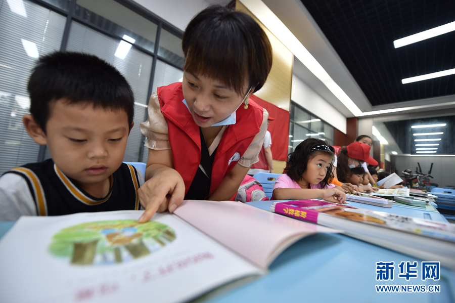 7月27日上午,志愿者在安置点中为孩子们辅导学习。
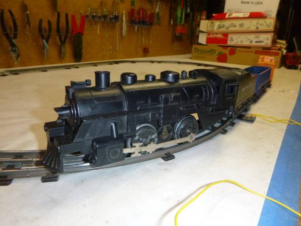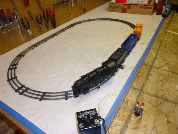 Everything in this set has been serviced, cleaned, well tested and runs good. Tracks were all cleaned on top. Engine was oiled and wheels cleaned for good contact. Transformer works good, and has a 5 amp circuit breaker added for protection that Marx didn't originally sell this set with. Tender and all cars are in very good preserved condition. Can add more track at anytime if you desire. Track connector with wires included also. Comes in original styrofoam packing but the box top is missing. No tools required for set up. Please visit my website as www.ttrainsaver.com for more model trains of all gauges and more.
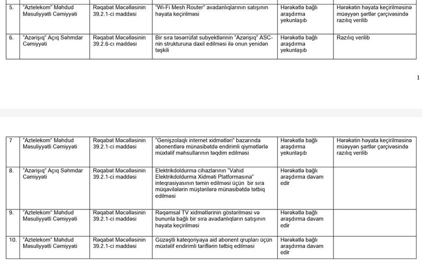 Maddə 39.3 və 39.6-ya görə, təbii inhisar subyekti (Aztelekom) qiymətlərin dəyişdirilməsi ilə bağlı rəqabət orqanından əvvəlcədən razılıq almalıdır. Antiinhisarın açıqlamasından belə qənaətə gəlmək olar ki , belə razılıq alınmayıb – bu, birbaşa pozuntudur.

____

*Task directions:* Retype the listing exactly and drop the pictures.

*Solution for this problem:*
 7月27日上午,志愿者在安置点中为孩子们辅导学习。
 Everything in this set has been serviced, cleaned, well tested and runs good. Tracks were all cleaned on top. Engine was oiled and wheels cleaned for good contact. Transformer works good, and has a 5 amp circuit breaker added for protection that Marx didn't originally sell this set with. Tender and all cars are in very good preserved condition. Can add more track at anytime if you desire. Track connector with wires included also. Comes in original styrofoam packing but the box top is missing. No tools required for set up. Please visit my website as www.ttrainsaver.com for more model trains of all gauges and more.
 Maddə 39.3 və 39.6-ya görə, təbii inhisar subyekti (Aztelekom) qiymətlərin dəyişdirilməsi ilə bağlı rəqabət orqanından əvvəlcədən razılıq almalıdır. Antiinhisarın açıqlamasından belə qənaətə gəlmək olar ki , belə razılıq alınmayıb – bu, birbaşa pozuntudur.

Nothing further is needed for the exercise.